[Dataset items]
:::
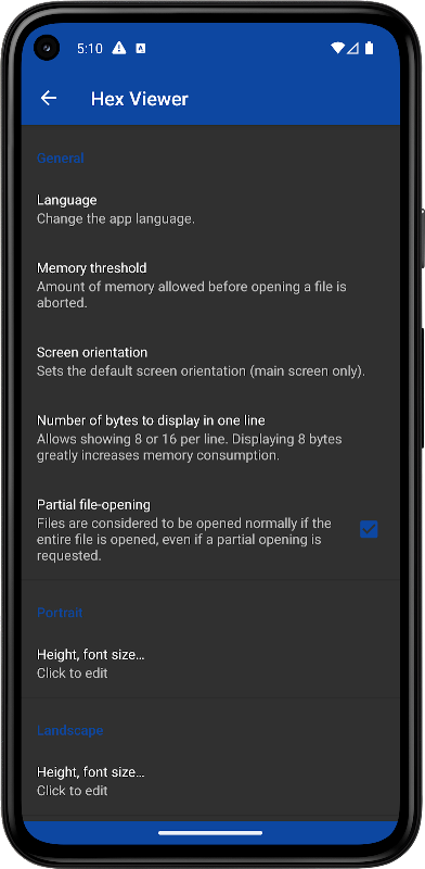 • Diese App ist das ultimative Tool zum Öffnen und Bearbeiten beliebiger Dateien auf Ihrem Android-Gerät. Egal, ob Sie die Datei im Hexadezimal- oder Nur-Text-Modus anzeigen, den Inhalt im Hexadezimalmodus ändern oder die Datei auf Ihrem Gerät speichern möchten, diese App kann alles. Mit der praktischen Suchoption können Sie auch nach beliebigem Text oder Hex-Code in der Datei suchen. Lassen Sie nicht zu, dass inkompatible Apps Sie daran hindern, Dateien zu öffnen und zu bearbeiten. Holen Sie sich jetzt diese App und entfesseln Sie die Leistung Ihres Android-Geräts!
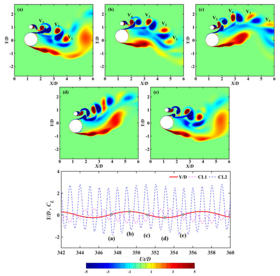 The instantaneous vorticity contours for d/D = 0.05, α = 0°, and Ur = 6 are shown in Figure 17. When two coupled cylinders move to the uppermost position, a pair of vortices is formed above small cylinder and interact with the upper shear layer of large cylinder. The vortices shed from the two lateral sides of the small cylinder with opposite sign are canceled out, resulting in the drag coefficients of small cylinder being almost zero. As can be seen from Figure 17b–d, the small cylinder is always surrounded by vortices of the large cylinder when the cylinders move from the uppermost position to the lowest position. The vortex pattern of the coupled cylinders is similar to that of a single cylinder, and the coupled cylinders can be regarded as a single bluff body. Although the vortex shedding of the large cylinder appears not to be significantly affected by small cylinder, the presence of small cylinder has an effect on the fluctuation of the lift coefficients of two cylinders.
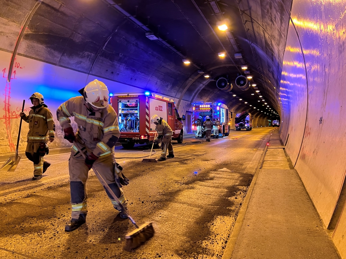 Vor Ort wurde der Brandschutz errichtet und die Unfallstelle abgesichert. Die Fahrzeugbatterien wurden abgeklemmt und im Anschluss Aufräumarbeiten durchgeführt. Nachdem auslaufende Betriebsmittel gebunden und die Fahrbahn gereinigt wurde, konnte der Tunnel wieder für den Verkehr freigegeben werden.
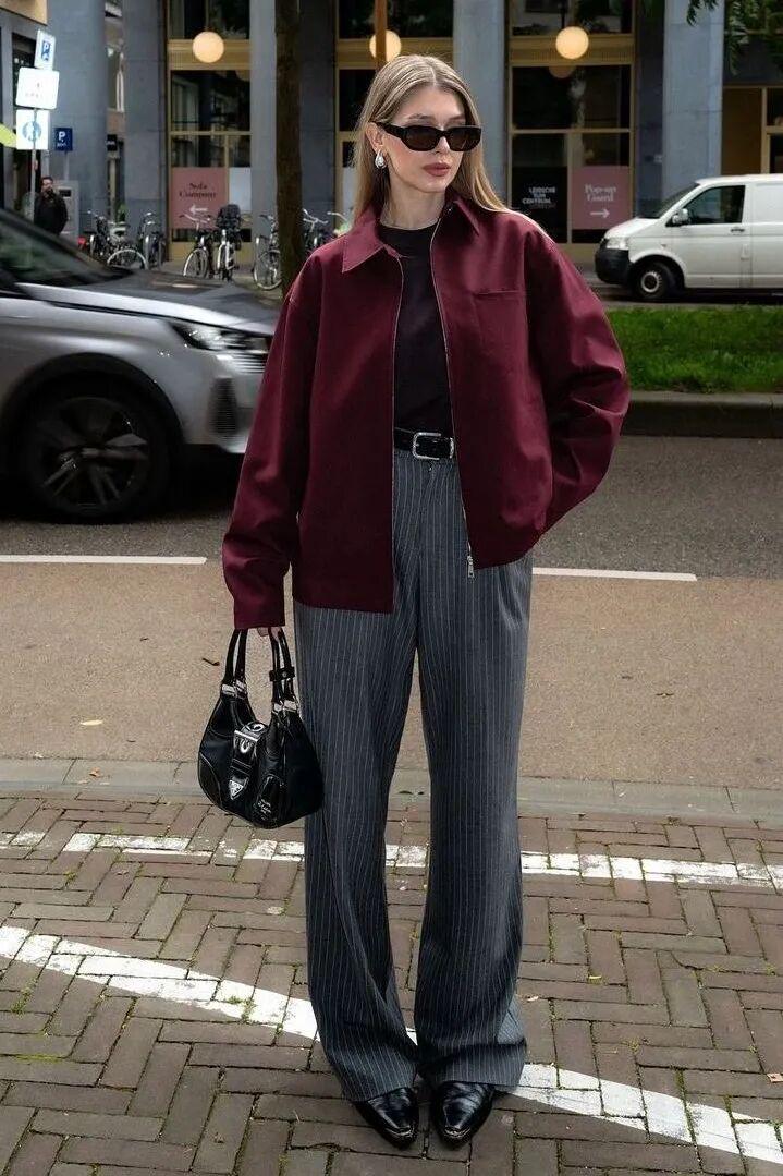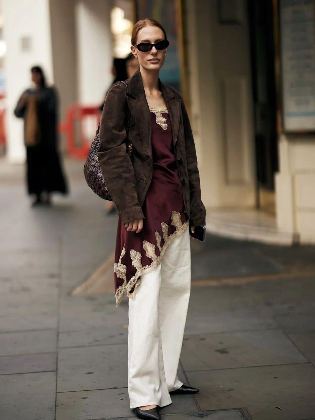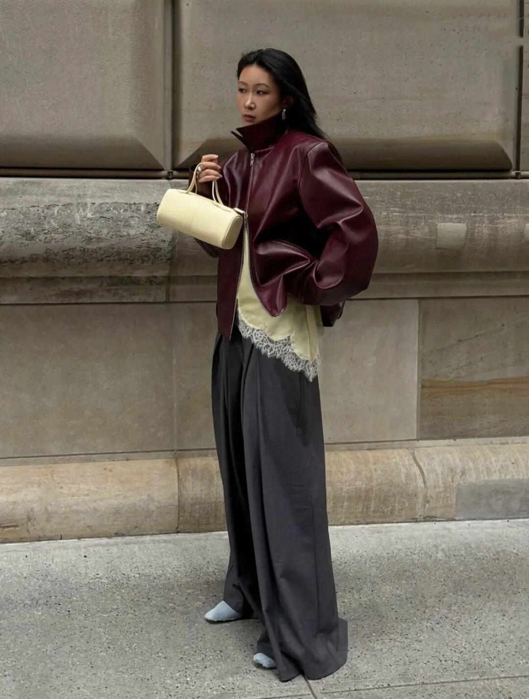 其他配搭单品的选择上,复古红夹克与简洁内搭最合拍。白色、米色都能托出色彩的深邃,而不会喧宾夺主。
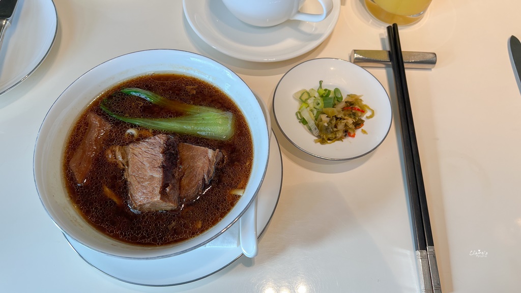 吃完這碗粥,其實已經有點飽了,但是又嘴饞想再嘗試其他菜色,於是我選了牛肉麵,事先詢問過服務人員這碗麵的份量,在得到了「很小一碗,只有兩、三口而已」的回答之後,我就放心的點了。
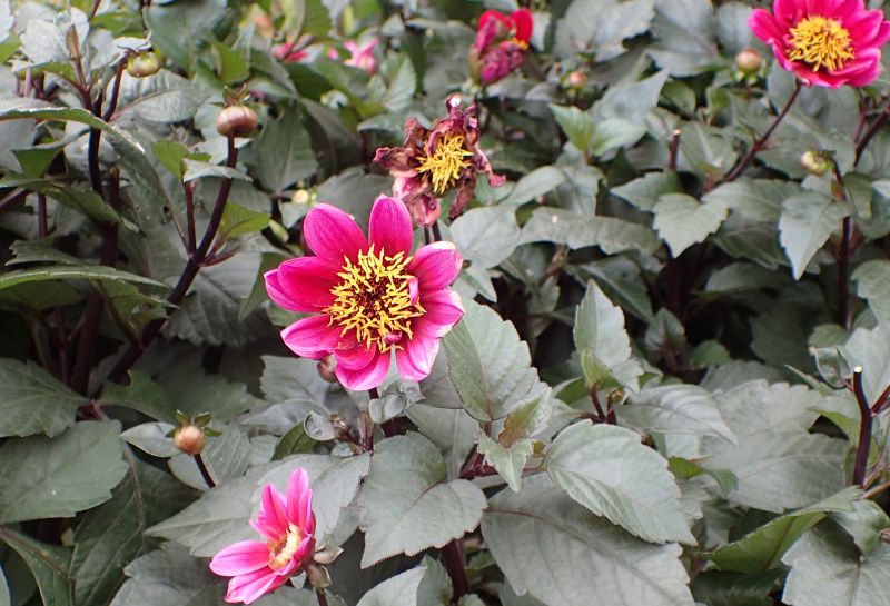 ダリア属、球根植物、筒状花と舌状花をもつ、多年草。
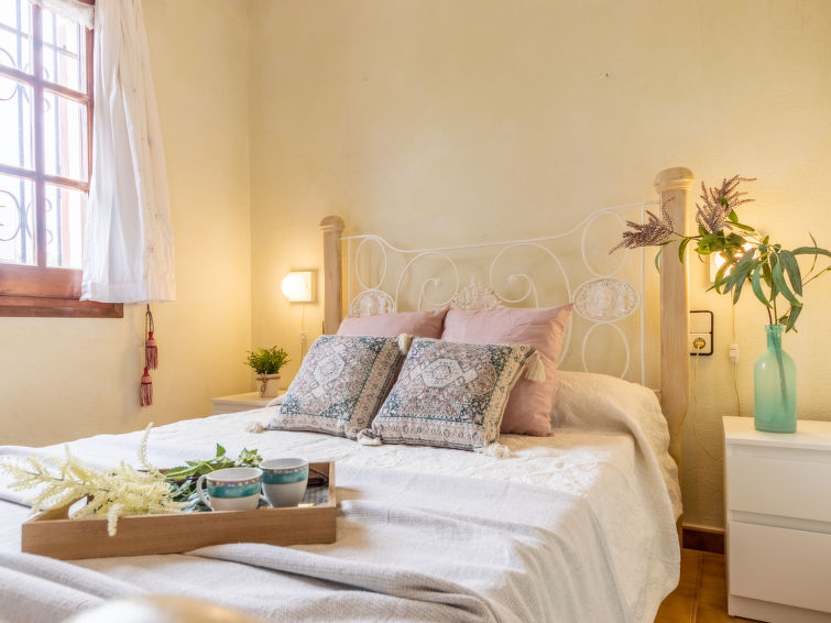 Riumar 10 km from Deltebre: Cosy, rustic, comfortable house "Paraiso", 2 storeys. In a quiet, sunny position, 600 m from the sea, 600 m from the beach. Private: property (fenced), natural garden, swimming pool angular (7 x 4 m, depth 160 cm, seasonal availability: 01.Jan. - 31.Dec.) with internal staircase. Patio, pergola, garden furniture, barbecue. In the house: WiFi, air conditioning, washing machine. Parking at the house. Supermarket 500 m, restaurant, bar 300 m, bakery 600 m, bus stop "Riumar" 650 m, railway station "Aldea- Amposta" 25 km, sandy beach "Riumar" 600 m. Sports harbour 1 km. Nearby attractions: Port Aventura 75 km, Tortosa 35 km, Playa el Trabucador 29 km, Barcelona 190 km. Hiking paths: Parque natural Puerto Tortosa Beseit 52 km, GR 92 15 km. Please note: car recommended. Suitable for families. Groups of teenagers on request only."Paraiso", 4-room house 120 m2 on 2 levels. Spacious, rustic and cosy furnishings: living/dining room with open-hearth fireplace (only for decoration), dining table, digital TV, international TV channels, air conditioning and forced-air heating. Exit to the patio, to the swimming pool. 1 double bedroom with 1 bed (150 cm, length 190 cm). 1 double bedroom with 2 beds (90 cm, length 190 cm). Kitchen (4 hot plates, oven, toaster, kettle, microwave, freezer, electric coffee machine). Hip bath/WC. Air-conditioning, forced-air heating. Heating not available in all rooms. Upper floor: 1 double bedroom with 1 bed (150 cm, length 190 cm), hip bath/WC. Exit to the balcony. Garden. Terrace furniture, barbecue, deck chairs, covered balcony. Facilities: washing machine, iron, hair dryer. Internet (WiFi, free). Parking (fenced). Suitable for families. Maximum 1 pet/ dog allowed. HUTTE-000299 // Reg. Nr.: ESFCTU0000430190003622280000000000000000HUTTE-0002991
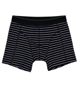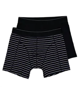 Deze zwarte boxershorts voor heren zijn extra lang en gemaakt van katoen met een beetje elastaan, wat zorgt voor een stevige en comfortabele pasvorm. Eén boxer is effen zwart, de ander heeft een patroon van dunne zwarte strepen. De langere pijpen bieden extra bedekking en comfort tijdens het dragen.
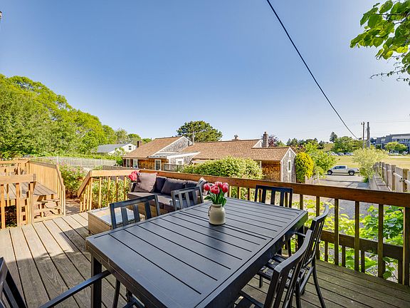 This two-level townhouse offers a bright and functional layout in a location that strikes the perfect balance--conveniently close to the center of town, yet tucked just far enough away to enjoy a quiet neighborhood setting. With 805 square feet, the main level features hardwood floors, a white kitchen with stainless appliances, and an open living/dining space with two sets of sliders leading to exclusive-use deck--ideal for outdoor dining and entertaining. A discreet staircase maximizes living space, and a main-level half bath includes a full-size washer and dryer. Upstairs, both bedrooms offer generous proportions and a vaulted ceilings, complemented by a shared full bath. Exclusive-use outdoor areas in front and back, one parking space, and a peaceful setting round out the offering. Pets allowed for owners and weekly rentals permitted--offering strong rental history and flexibility for year-round use, a getaway, or investment.
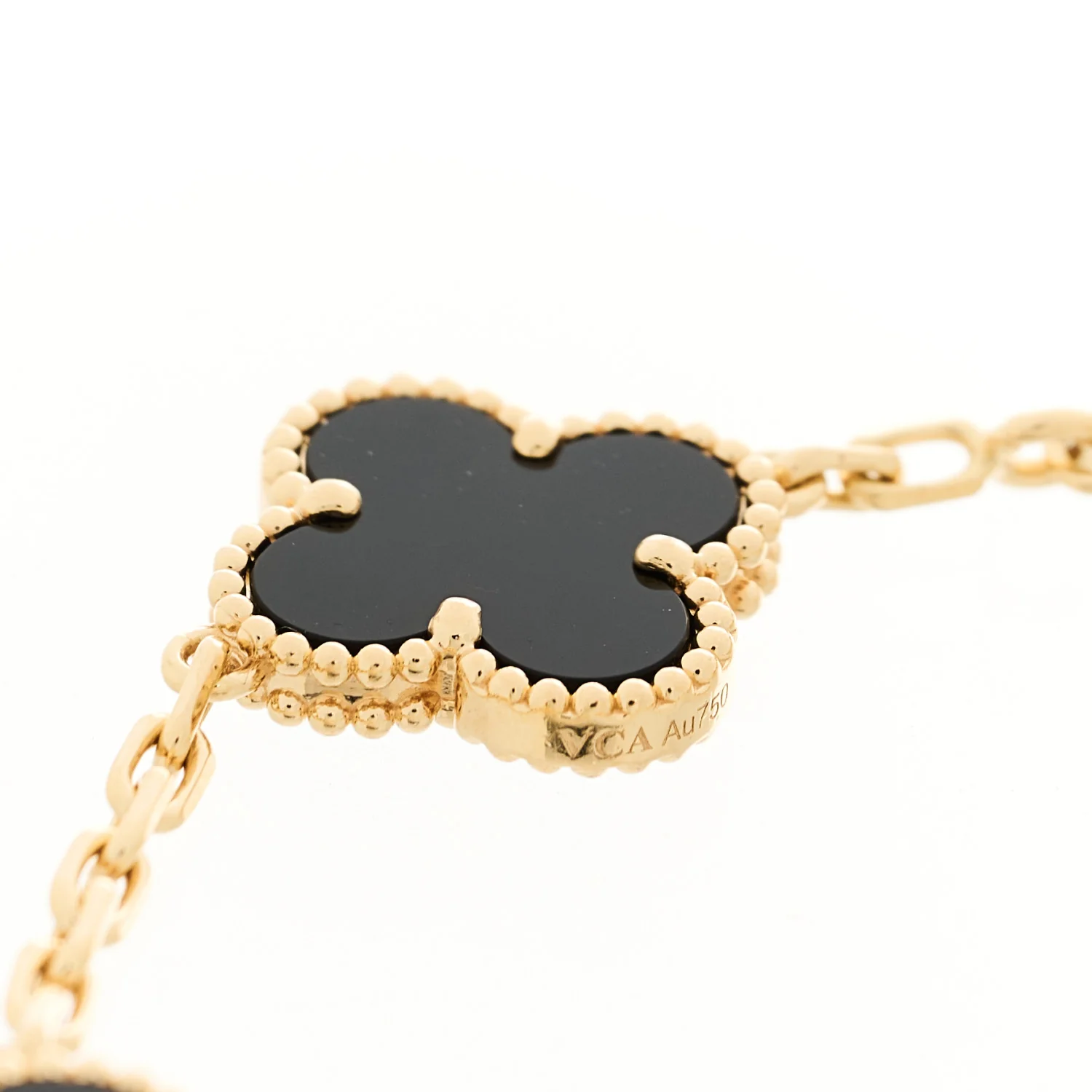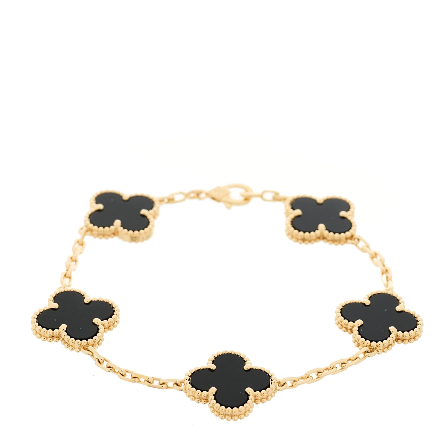 VAN CLEEF & ARPELS 18K Yellow Gold Black Onyx 5 Motifs Vintage Alhambra Bracelet
:::
Leave out any pictures and return exactly the lines from the beginning of the data through the line with "The instantaneous vorticity", inclusive.

 • Diese App ist das ultimative Tool zum Öffnen und Bearbeiten beliebiger Dateien auf Ihrem Android-Gerät. Egal, ob Sie die Datei im Hexadezimal- oder Nur-Text-Modus anzeigen, den Inhalt im Hexadezimalmodus ändern oder die Datei auf Ihrem Gerät speichern möchten, diese App kann alles. Mit der praktischen Suchoption können Sie auch nach beliebigem Text oder Hex-Code in der Datei suchen. Lassen Sie nicht zu, dass inkompatible Apps Sie daran hindern, Dateien zu öffnen und zu bearbeiten. Holen Sie sich jetzt diese App und entfesseln Sie die Leistung Ihres Android-Geräts!
 The instantaneous vorticity contours for d/D = 0.05, α = 0°, and Ur = 6 are shown in Figure 17. When two coupled cylinders move to the uppermost position, a pair of vortices is formed above small cylinder and interact with the upper shear layer of large cylinder. The vortices shed from the two lateral sides of the small cylinder with opposite sign are canceled out, resulting in the drag coefficients of small cylinder being almost zero. As can be seen from Figure 17b–d, the small cylinder is always surrounded by vortices of the large cylinder when the cylinders move from the uppermost position to the lowest position. The vortex pattern of the coupled cylinders is similar to that of a single cylinder, and the coupled cylinders can be regarded as a single bluff body. Although the vortex shedding of the large cylinder appears not to be significantly affected by small cylinder, the presence of small cylinder has an effect on the fluctuation of the lift coefficients of two cylinders.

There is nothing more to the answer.